Emil Kraeplin, the Degenerative Theory and its Implications for Psychiatry and Stigma

16th October 2023

Emil Kraeplin (1856-1926) was a prominent German psychiatrist who solidified viewpoints of that time period with a decidedly pessimistic view of the mentally ill. The mentally ill were not considered "normal" and a theory of mental illness known as the "degenerative theory" subscribed to the idea that mental illness was hereditary and degenerative through successive generations.

Kraeplin and his contemporaries drew such a negative view based on their work with a misrepresentative sample of the most-chronically institutionalized mentally ill individuals, but from that sampling drew broader conclusions that stigmatized anyone who fell within the labels that Kraeplin himself was largely responsible for institutionalizing, something that has been perpetuated to today's medical model of psychiatry. Strong advocates of the medical model psychiatry can be referred to as neoKraeplinians. Actually, it is not difficult to see why some hold to the view that part of the philosophical undercurrents of Nazi thoughts on racial superiority and cleansing can be traced to the same source as the roots of the negative medical model of modern psychiatry with its labeling system and stigma.

Emil Kraeplin (1856-1926) - German psychiatrist, father of the modern psychiatric labeling system, social Darwinist, and proponent of eugenics, whose thinking is likely to have had a role in influencing Nazi ideals.
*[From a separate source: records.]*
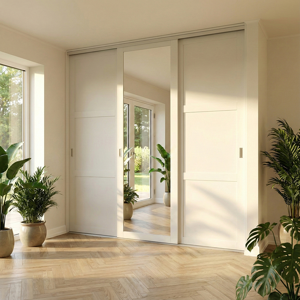 2713 Du er her: Hjem »Skyvedører / Garderobeskap»Skyvedører på mål»Contoura® skydelåger»Contoura® Almue Folie skyvedør Mogensen Contoura Almue Folie skyvedører på mål for garderober med 3 dører - Total bredde 144 til 192 cm. Contoura Almue Folie Skyvedører på på mål 3 skyvedører fra bredde 144 - 192cm. Prisen inkluderer skinne og brakettboks. Hvit massiv MDF-platedør belagt med folie med dekorativ utskjæring. Max. høyde er 245 cm inkl. topp- og skinne. Skyvedørene med topp- og bunnhjul. Døren går på hjulene i bunnen. På toppen av døren er det montert 4 hjul som styres av en aluminum . All vekten fra døren hviler på skinne. Dobbeltspor utvendig mål på gulvskinne: skinne Dobbeltspor utvendig mål på skinne: 8,45 cm Contura dører kan justeres ca. 5mm i høyden, som betyr ca. 2,5 mm opp og ned Frest grep Soft-close kan kjøpes i tillegg Trenger hjelp? Send oss en e-post via info@billigeskaper.no eller kontakt oss på tlf.: +45 +45 6913 6970 . Leverandør: Mogensen Danmark Billigeskaper er forhandler av hele Mogensen -sortimentet på ekstern lagring 35 - 40 ukedager Mogensen Din pris: NOK(inkl. mva / toll) Skydelåge 1 Velg variant Hvid Antall dører 3 Bredde fra 144 Bredde til 192 Produktnummer K4513 Maks høyde 245 Tillegg per dør Ønskes farget skinner: Ønskes anslag: Ønskes gavle: Ønskes inventar: Din pris: NOK(inkl. mva / toll) Varenr.: 3K4513
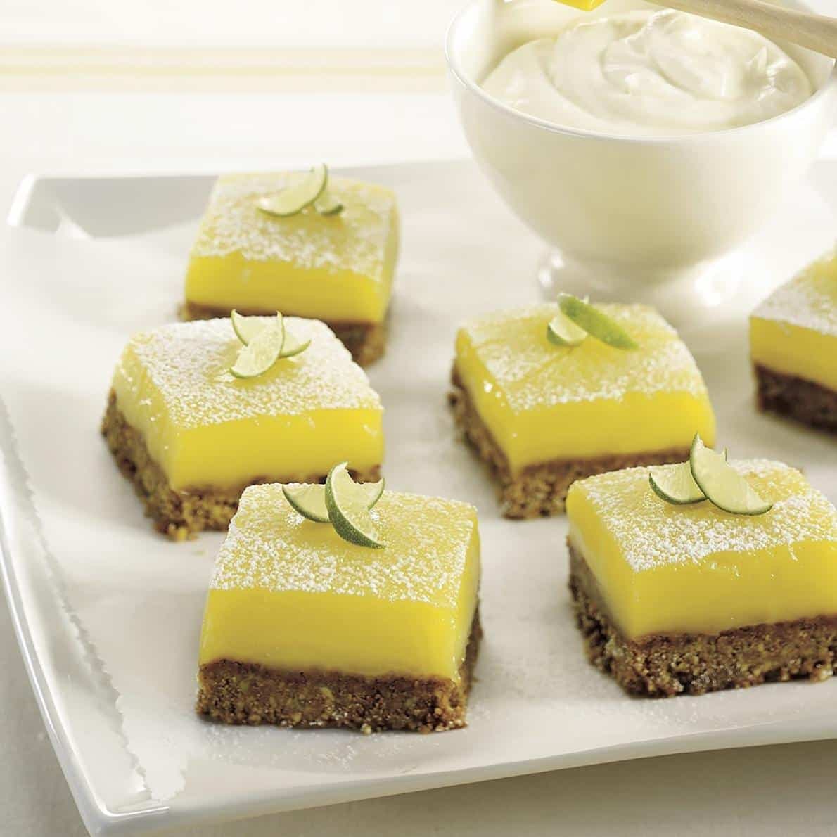 - Au moment de servir, couper en carrés ou en barres. Saupoudrer de sucre glace et garnir de crème de mascarpone et de quartiers de limes, si désiré.
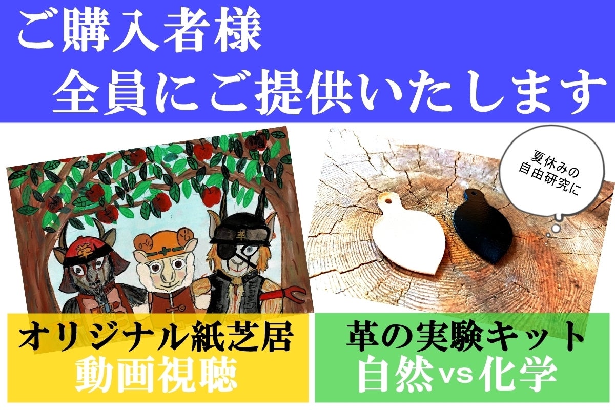 誰もがひとつは持っている革小物。しかしほとんどの人が革のことを詳しく知りません。革の特性を知ると共に、有害鳥獣被害という全国的な問題にもフォーカスして革のことを学べます。ご購入者全員に、革の実験キットとオリジナル紙芝居動画視聴の二つをご提供いたします。
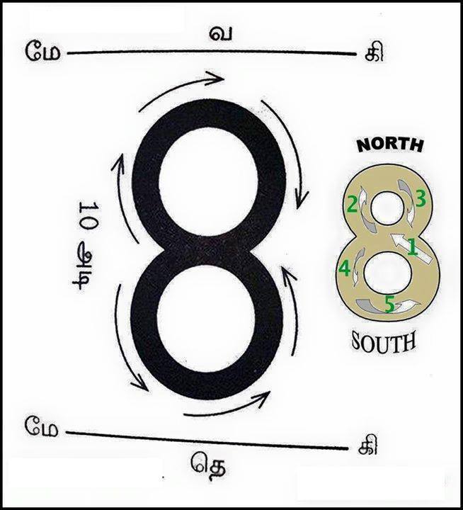 - Start at the position marked as “1″ in the below picture and follow the “8″ pattern
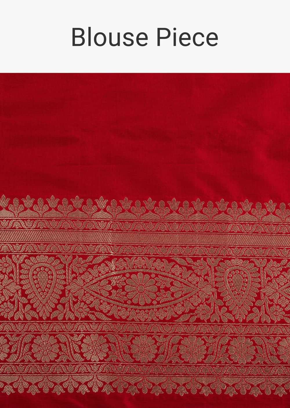 Fiery Red Zari Banarasi Saree In Katan Silk With Single Zari Work And Unstitched Blouse

"A convinced social-Darwinist, he became a fervent advocate of alcoholic abstinence and actively promoted a policy and research agenda in eugenics and racial hygiene. He was deeply concerned about the impact of urban life on mental health and and was convinced that institutions such as the welfare state and the education system--because they tended to contravene the processes of natural selection--subverted the German people's biological "struggle for survival.""
Authors of the article published in Biological Psychiatry, which can be read on the University of Pittsburgh Department of Psychiatry website, "Degeneration Theory and the Stigma of Schizophrenia", research-based evidence indicates that only one-third to one-quarter of schizophrenics are chronically schizophrenic, that a substantial number recover, and for many, symptoms are mild rather than chronic.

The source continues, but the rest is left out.